Did Angela Merkel bite off more than she can chew with her broadside against the world's central banks and their quantitative easing policies? While our own Bank of England maintains a dignified silence, the US Fed's Ben Bernanke has already publicly denounced the German Chancellor's complaints. And Neelie Kroes, the European Union's competition commissioner, chose yesterday to launch an attack on Germany's own banking system. "Europe urgently needs a Germany that is in good form again," Ms Kroes concluded.
Paulson misses out for once
You can't get them all right. Paulson & Co, the hedge fund run by the US billionaire John Paulson, closed out most of its short position on Barclays on Tuesday, a couple of days into the decline in the bank's share price. That gamble looked a tad premature last night, with Barclays sliding another 5 per cent on the day. Doubly annoying is the fact that this is a longstanding position which was £220m more valuable in January, according to some estimates.
Please try to keep up in White City
People say the publicly funded BBC is over-resourced, with its ever-expanding online division coming in for particularly heavy criticism. But they must be short of staff down in the online business unit. How else to explain the site's decision to lead for most of yesterday with a story about the pound's rise against the dollar? It looked a little daft since the BBC's own data feed showed that after an hour or so of gains first thing, sterling went into freefall for the rest of the day.

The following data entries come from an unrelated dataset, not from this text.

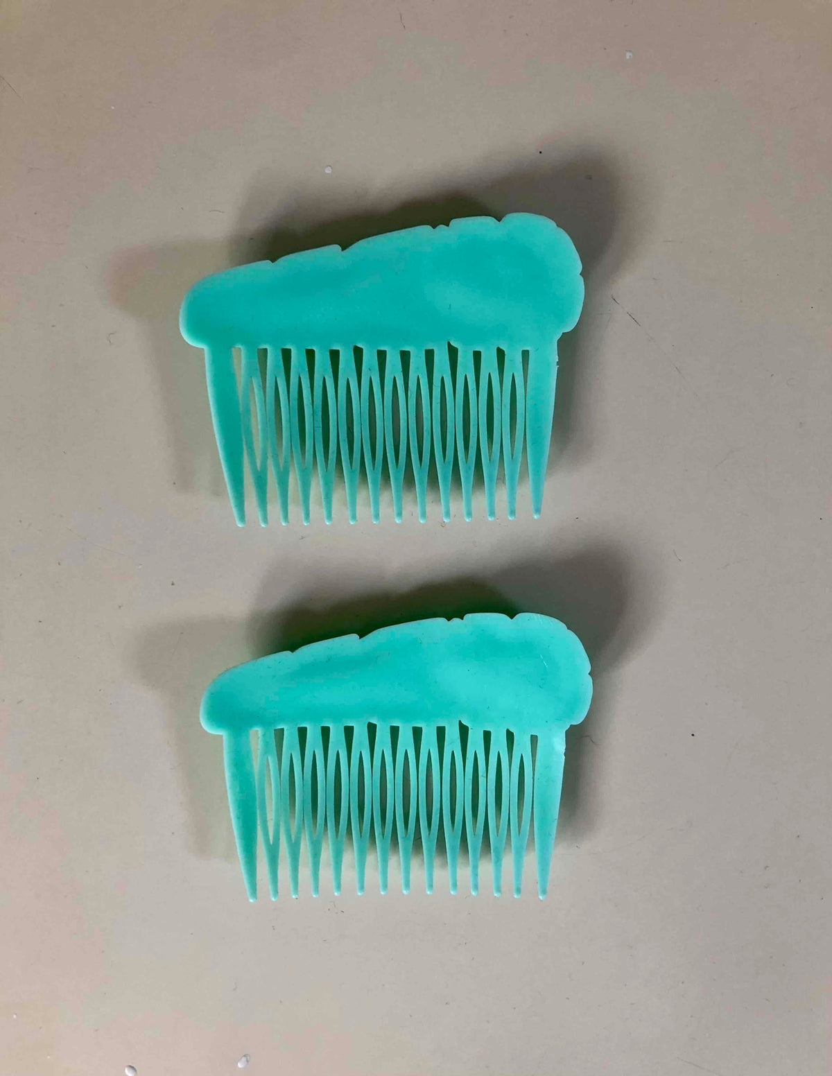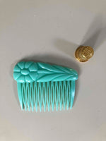 Prix unitaire parBarrettes peignes à fleurs. Couleur turquoise pastel. Deadstock 90’s. Vendu par paire. Modèle disponible en d’autres tonalités pastels.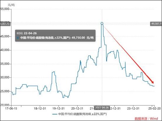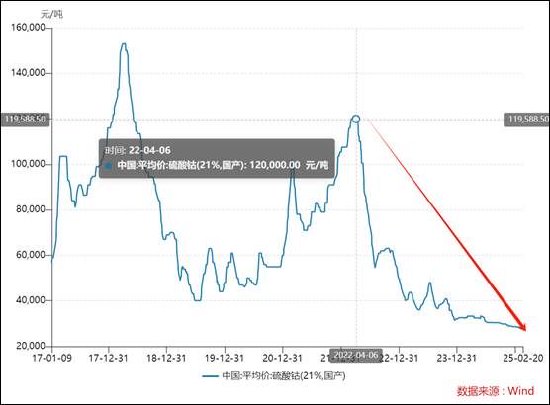与此同时,硫酸钴、硫酸镍、硫酸锰等原材料价格出现大幅下跌。其中以硫酸钴由2022年4月的12万元/吨骤降至年底的5万元/吨左右,降幅接近60%,目前硫酸钴均价为2.8万/吨左右。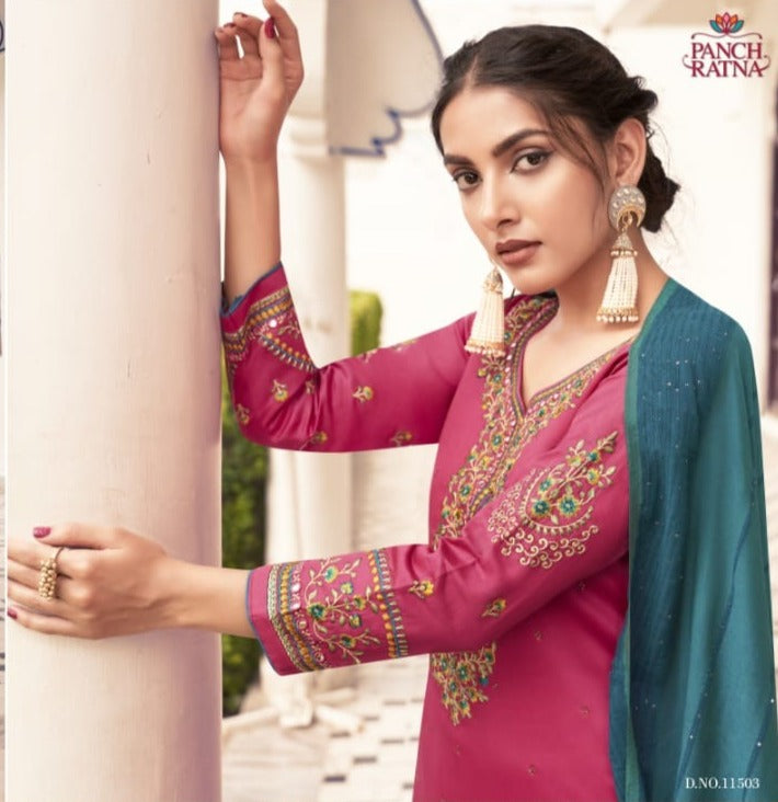 Fabric Details Top :- Jam Silk Heavy Sliver Work & Swarovski Diamond Bottom :- Rayon Dupatta :- Pure Viscose 2mm Weaving Sequence With Tassels |

BT's speedy response to broadband criticism
Good timing from BT, which yesterday unveiled a big increase in the speed of its broadband service for many residential and business customers. The announcement came less than 24 hours after stories surfaced complaining about the way some of BT's broadband customers see their access speed slowed right down during busy periods. A case of from zero to hero.
T he elections that don't matter to voters
Another vote of no-confidence in Brussels, this time from Britain's small business owners. As the country goes to the polls in the European elections, a survey from Cranfield School of Management warns that four-fifths of small business owners think the results will make little or no difference to their firms.